On 19 June 1097, while the western army, still unaware of the deal that had been struck, continued its assaults on the town’s fortifications, Byzantine soldiers scaled the walls on the lake side of Nicaea, climbed on to the battlements, and set up the imperial standards above the town. To the sounds of trumpets and horns, the fall of Nicaea and its capture by the forces of the emperor Alexios I Komnenos was announced from the walls of the city. 21

The fall of Nicaea sent shock waves through the Muslim world. As one contemporary writing in Damascus described it: ‘There began to arrive a succession of reports that the armies of the Franks had appeared from the direction of the sea of Constantinople with forces not to be reckoned for multitude ... as reports grew and spread from mouth to mouth far and wide, the people grew anxious and disturbed in mind.’ 22The use of Turkish tombstones to rebuild an area of Nicaea’s walls that had suffered damage during the siege cannot have helped calm nerves about what the implications of the massive western expedition might be elsewhere in Asia Minor. 23

The town’s capture caused a stir closer to home as well.
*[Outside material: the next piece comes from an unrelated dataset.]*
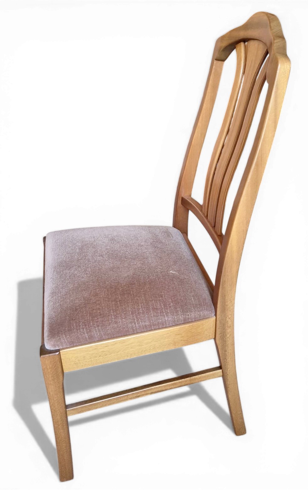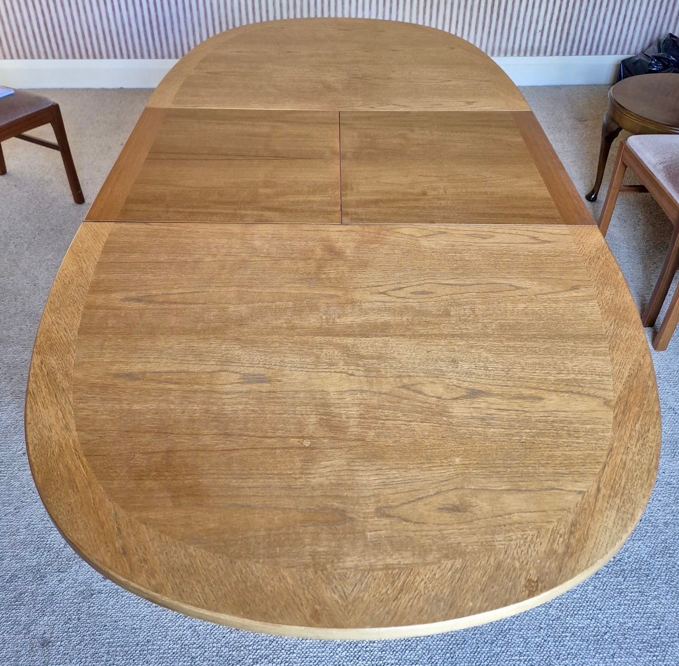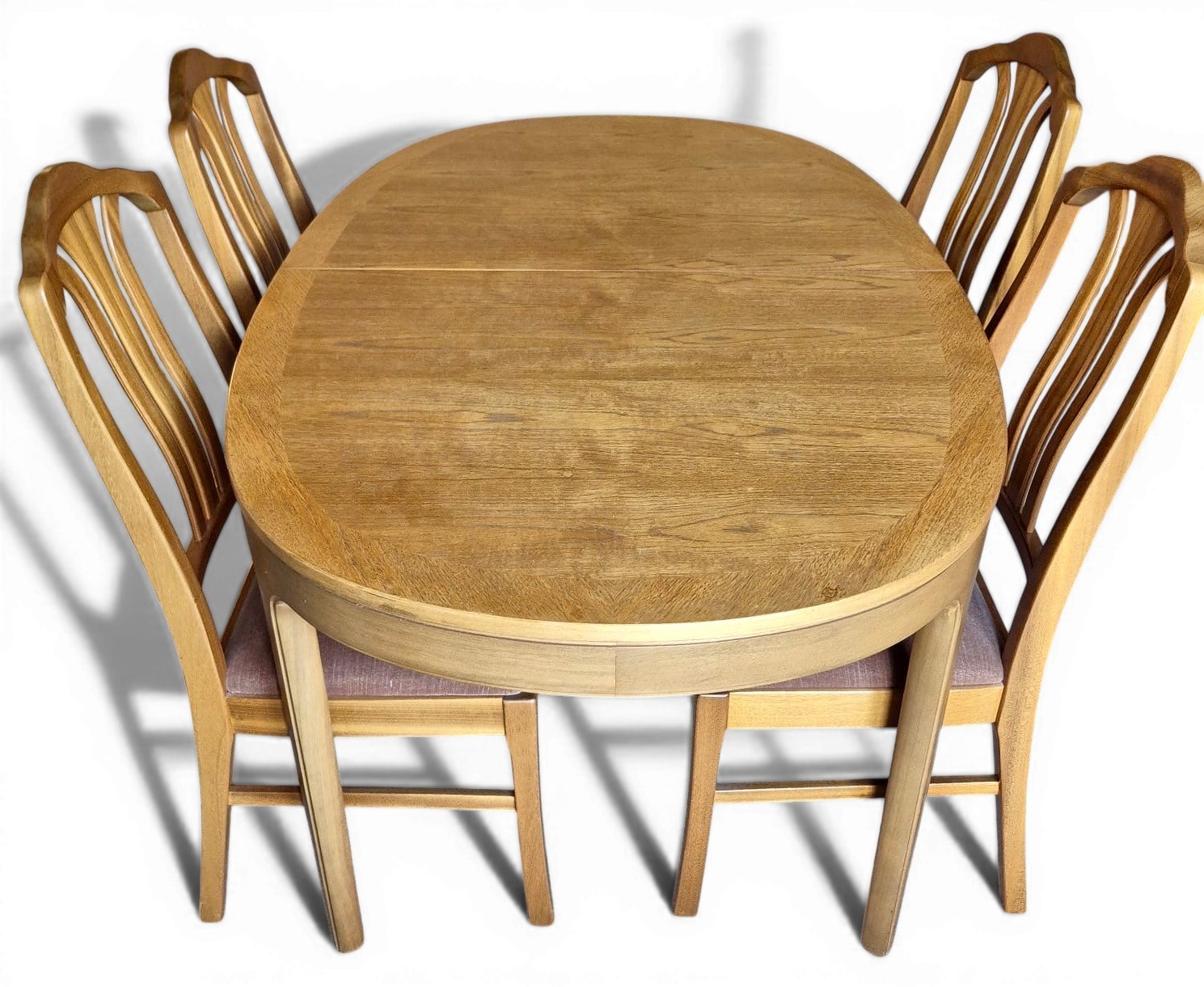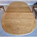 A mid 20thC teak Nathan extending dining table and four Parker Knoll chairs. 206cm l extended, 152cm closed x 99cm w x 75cm h.

For the Crusaders, it was proof that the expedition to Jerusalem enjoyed divine blessing. As it became clear that the town had fallen, cries of ‘Glory to Thee, O God!’ went up inside and outside the walls, shouted in both Latin and in Greek. 24Nicaea’s capture revealed that the knights were doing the work of the Lord; it was a success they would refer back to when the odds ran sharply against them at later stages in the expedition. There was no such thing as an impregnable target for a force marching under God’s protection.

For Alexios, the recovery of Nicaea had been one of his primary goals. Yet the ambition, speed and determination shown by the western knights had been remarkable. The town’s capture in June 1097 was therefore a comprehensive vindication of the emperor’s decision to call for military assistance from the west. For Alexios this was an unmitigated triumph.

The fact that Nicaea passed into Byzantine hands with little bloodshed also presented future opportunities for the emperor: he would be able to present himself as friend and protector of the Turks who could save them from slaughter at the hands of the knights. This intention was reinforced by the emperor’s treatment of the Turkish inhabitants of Nicaea: having been offered imperial service and generous gifts, all were allowed to go on their way unharmed. 25The Crusaders were also well rewarded: gold, silver and precious robes were given to the expedition’s leaders, while the lower ranks received copper coins to celebrate the fall of the city. 26

Not everyone was impressed by the emperor’s largesse, however. Misgivings began to be articulated about Alexios’ role and about why the emperor should be benefiting from western strength and skill. A leading cleric on the expedition wrote to Manasses II, archbishop of Rheims, some months later, noting that ‘the princes of the army hastened to meet the emperor who had come to express his gratitude to them. After receiving gifts from him of priceless value, they returned, some feeling kindly towards him, others not.’ 27Ironically, it was Alexios’ generosity that caused some of this bitterness. The knights had set out from western Europe to do God’s will and to some, to be financially rewarded by the Byzantines seemed inappropriate.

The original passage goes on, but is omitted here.